§ **Source material**:
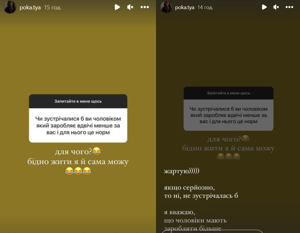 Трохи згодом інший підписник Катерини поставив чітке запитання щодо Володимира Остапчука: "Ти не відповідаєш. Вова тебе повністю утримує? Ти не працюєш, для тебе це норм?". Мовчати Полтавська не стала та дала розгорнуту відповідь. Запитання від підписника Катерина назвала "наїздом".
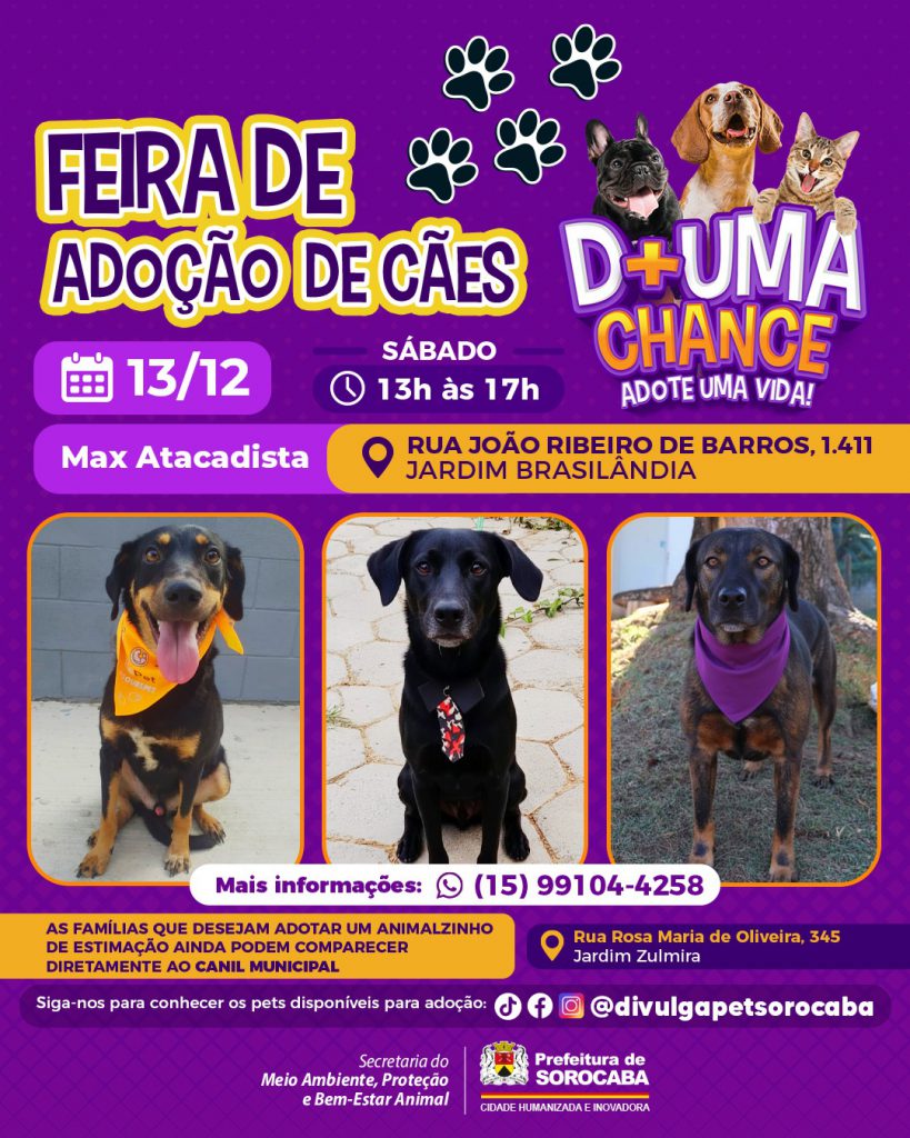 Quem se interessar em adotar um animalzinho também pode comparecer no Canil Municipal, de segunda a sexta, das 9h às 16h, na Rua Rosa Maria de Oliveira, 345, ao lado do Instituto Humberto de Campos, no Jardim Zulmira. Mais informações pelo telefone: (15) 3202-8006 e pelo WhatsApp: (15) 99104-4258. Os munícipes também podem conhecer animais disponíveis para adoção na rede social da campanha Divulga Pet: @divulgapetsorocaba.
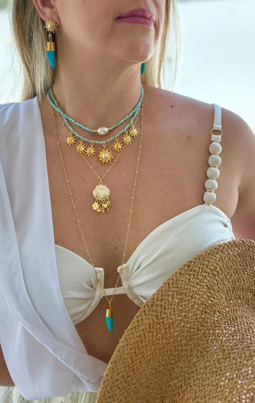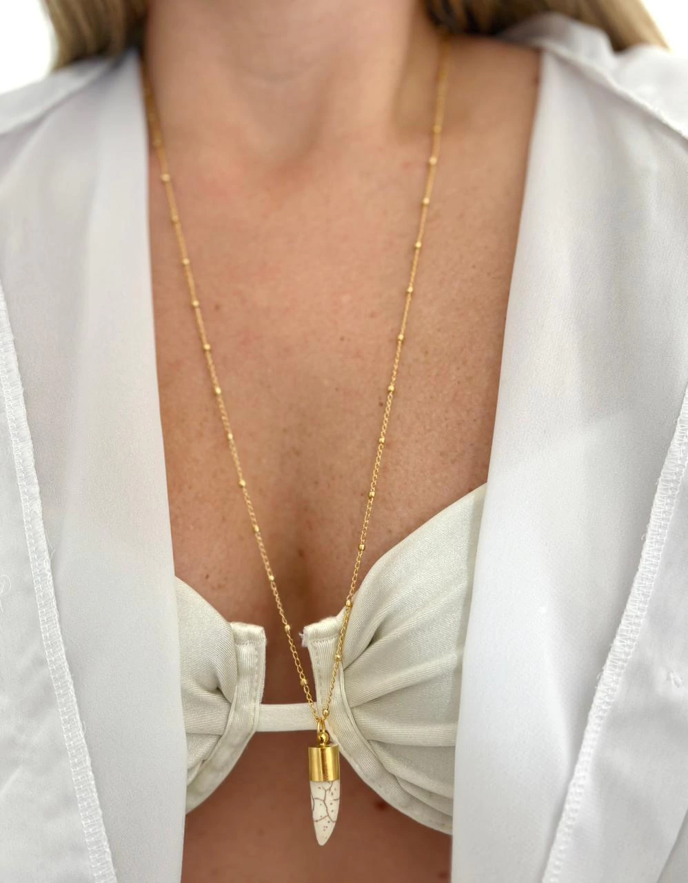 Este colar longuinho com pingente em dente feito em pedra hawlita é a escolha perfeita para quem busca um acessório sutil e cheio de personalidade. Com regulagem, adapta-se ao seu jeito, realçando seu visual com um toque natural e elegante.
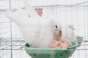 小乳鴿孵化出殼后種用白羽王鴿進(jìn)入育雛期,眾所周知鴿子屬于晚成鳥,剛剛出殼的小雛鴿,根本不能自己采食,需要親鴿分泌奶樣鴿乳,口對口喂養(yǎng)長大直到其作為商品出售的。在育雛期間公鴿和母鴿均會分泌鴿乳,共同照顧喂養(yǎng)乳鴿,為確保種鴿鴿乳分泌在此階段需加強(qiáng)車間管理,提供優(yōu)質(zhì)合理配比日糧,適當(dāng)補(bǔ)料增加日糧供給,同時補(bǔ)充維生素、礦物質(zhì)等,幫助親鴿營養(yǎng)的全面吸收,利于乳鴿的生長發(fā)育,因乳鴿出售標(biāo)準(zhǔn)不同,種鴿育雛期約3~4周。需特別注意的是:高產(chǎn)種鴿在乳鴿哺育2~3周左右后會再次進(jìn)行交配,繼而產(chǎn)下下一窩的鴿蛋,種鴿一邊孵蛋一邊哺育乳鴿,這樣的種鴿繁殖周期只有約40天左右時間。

§ **Aim of the task**:
All of the data gets printed again exactly; the pictures do not.

§ **Output below**:
 Трохи згодом інший підписник Катерини поставив чітке запитання щодо Володимира Остапчука: "Ти не відповідаєш. Вова тебе повністю утримує? Ти не працюєш, для тебе це норм?". Мовчати Полтавська не стала та дала розгорнуту відповідь. Запитання від підписника Катерина назвала "наїздом".
 Quem se interessar em adotar um animalzinho também pode comparecer no Canil Municipal, de segunda a sexta, das 9h às 16h, na Rua Rosa Maria de Oliveira, 345, ao lado do Instituto Humberto de Campos, no Jardim Zulmira. Mais informações pelo telefone: (15) 3202-8006 e pelo WhatsApp: (15) 99104-4258. Os munícipes também podem conhecer animais disponíveis para adoção na rede social da campanha Divulga Pet: @divulgapetsorocaba.
 Este colar longuinho com pingente em dente feito em pedra hawlita é a escolha perfeita para quem busca um acessório sutil e cheio de personalidade. Com regulagem, adapta-se ao seu jeito, realçando seu visual com um toque natural e elegante.
 小乳鴿孵化出殼后種用白羽王鴿進(jìn)入育雛期,眾所周知鴿子屬于晚成鳥,剛剛出殼的小雛鴿,根本不能自己采食,需要親鴿分泌奶樣鴿乳,口對口喂養(yǎng)長大直到其作為商品出售的。在育雛期間公鴿和母鴿均會分泌鴿乳,共同照顧喂養(yǎng)乳鴿,為確保種鴿鴿乳分泌在此階段需加強(qiáng)車間管理,提供優(yōu)質(zhì)合理配比日糧,適當(dāng)補(bǔ)料增加日糧供給,同時補(bǔ)充維生素、礦物質(zhì)等,幫助親鴿營養(yǎng)的全面吸收,利于乳鴿的生長發(fā)育,因乳鴿出售標(biāo)準(zhǔn)不同,種鴿育雛期約3~4周。需特別注意的是:高產(chǎn)種鴿在乳鴿哺育2~3周左右后會再次進(jìn)行交配,繼而產(chǎn)下下一窩的鴿蛋,種鴿一邊孵蛋一邊哺育乳鴿,這樣的種鴿繁殖周期只有約40天左右時間。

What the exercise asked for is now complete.